■ **Records for the exercise**
_ _ _
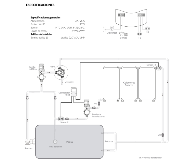 Controlador Solar Vulcano. Automatiza el calentamiento de la piscina actuando con 2 sensores (incluidos) y disponiendo de funciones de anti congelamiento y sobrecalentamiento.
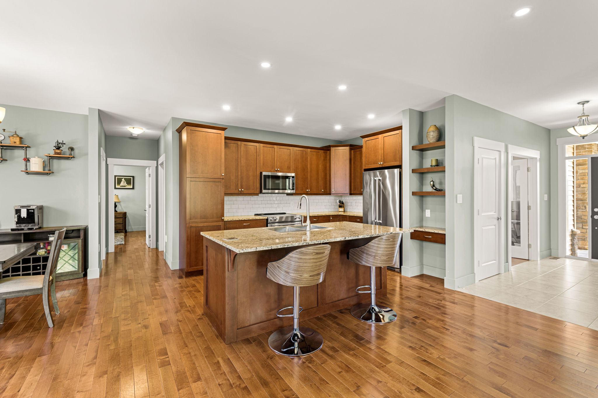 Beautifully designed bungalow tucked away on a quiet cul-de-sac in one of Dieppe’s most welcoming neighbourhoods. Offering 4 bedrooms, 9 ft ceilings, a bright open-concept main floor, and a fully finished basement, this well-maintained home blends comfort, style, and functionality with a double garage, central heat pump, and a landscaped backyard with covered deck and gazebo.
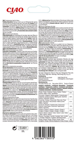 Analytical constituents: Crude protein (min) 7%, crude fat (min) 0.8%, crude fiber (max) 0.3%, moisture (max) 88%, DHA (min) 0.04%, EPA (min) 0.04%, Calcium (min) 0.3%, Vitamin E (min) 310 IU/kg, taurine (min) 0.025%
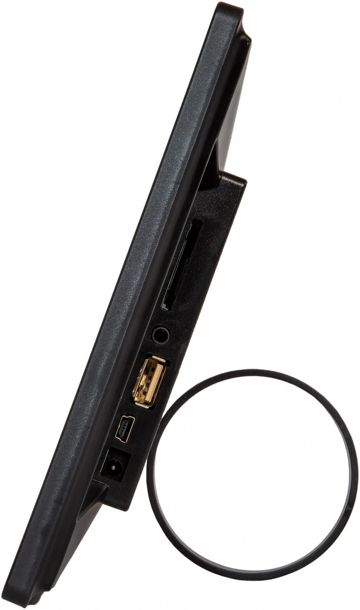 Povezljivost zagotavljata USB 2.0 in univerzalni čitalnik kartic (SD/SDHC/XD/MMC/MS). Vgrajeni zvočnik 2 W skrbi za zvok, za zasebno poslušanje je na voljo izhod za slušalke. Napravo lahko postavite na mizo ali namestite na steno – idealno tudi za diskretne predstavitve v trgovinah ali na recepcijah.
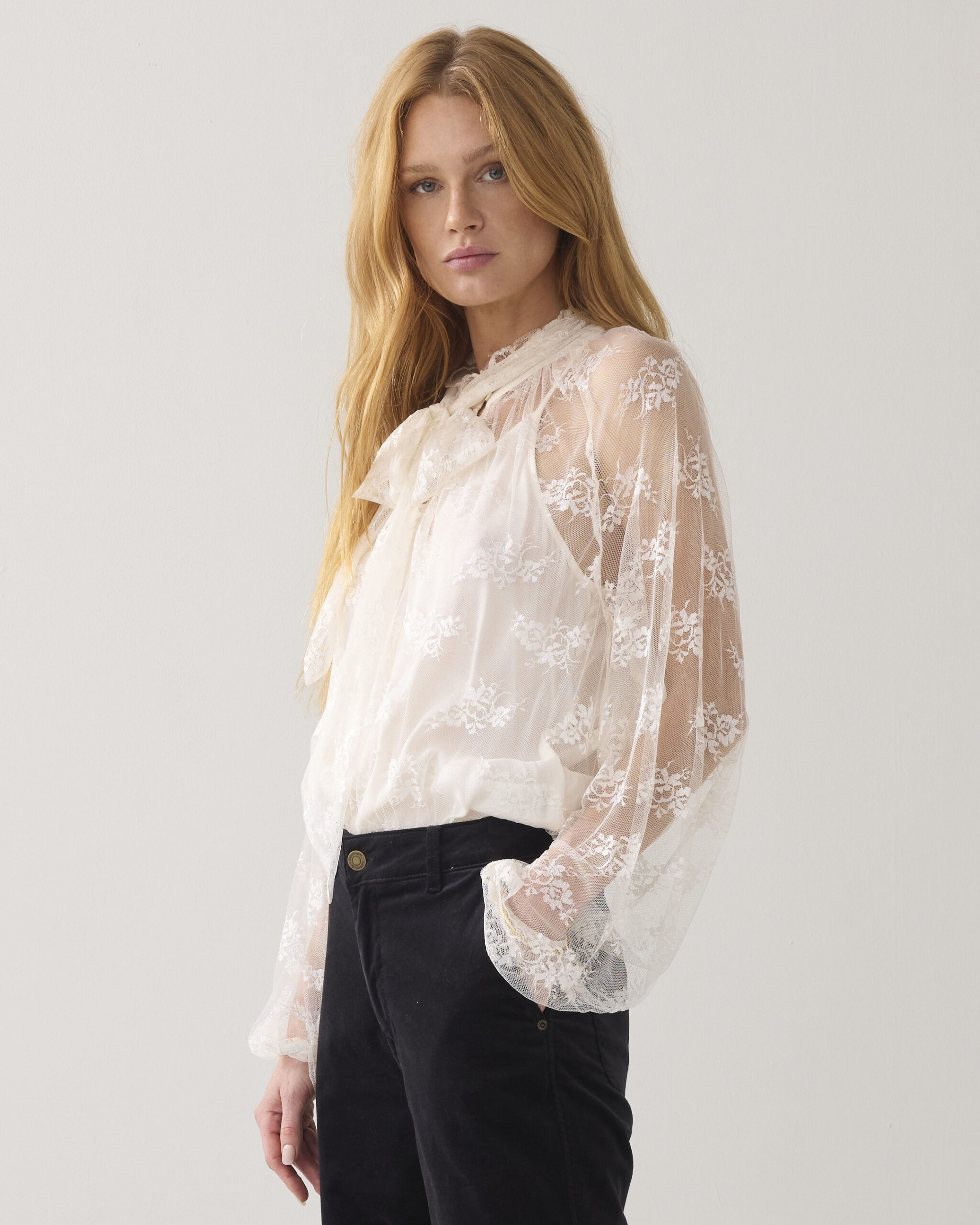 Summum Woman, ruimvallende, ecru kanten blouse met splitje, opstaande boord met ruches, afneembare strik en wijde lange mouw. De blouse wordt geleverd met een los singlet.
_ _ _
■ **Instructions to follow**
Your answer must restate the entries word for word and contain no pictures.

■ **Expected answer**
 Controlador Solar Vulcano. Automatiza el calentamiento de la piscina actuando con 2 sensores (incluidos) y disponiendo de funciones de anti congelamiento y sobrecalentamiento.
 Beautifully designed bungalow tucked away on a quiet cul-de-sac in one of Dieppe’s most welcoming neighbourhoods. Offering 4 bedrooms, 9 ft ceilings, a bright open-concept main floor, and a fully finished basement, this well-maintained home blends comfort, style, and functionality with a double garage, central heat pump, and a landscaped backyard with covered deck and gazebo.
 Analytical constituents: Crude protein (min) 7%, crude fat (min) 0.8%, crude fiber (max) 0.3%, moisture (max) 88%, DHA (min) 0.04%, EPA (min) 0.04%, Calcium (min) 0.3%, Vitamin E (min) 310 IU/kg, taurine (min) 0.025%
 Povezljivost zagotavljata USB 2.0 in univerzalni čitalnik kartic (SD/SDHC/XD/MMC/MS). Vgrajeni zvočnik 2 W skrbi za zvok, za zasebno poslušanje je na voljo izhod za slušalke. Napravo lahko postavite na mizo ali namestite na steno – idealno tudi za diskretne predstavitve v trgovinah ali na recepcijah.
 Summum Woman, ruimvallende, ecru kanten blouse met splitje, opstaande boord met ruches, afneembare strik en wijde lange mouw. De blouse wordt geleverd met een los singlet.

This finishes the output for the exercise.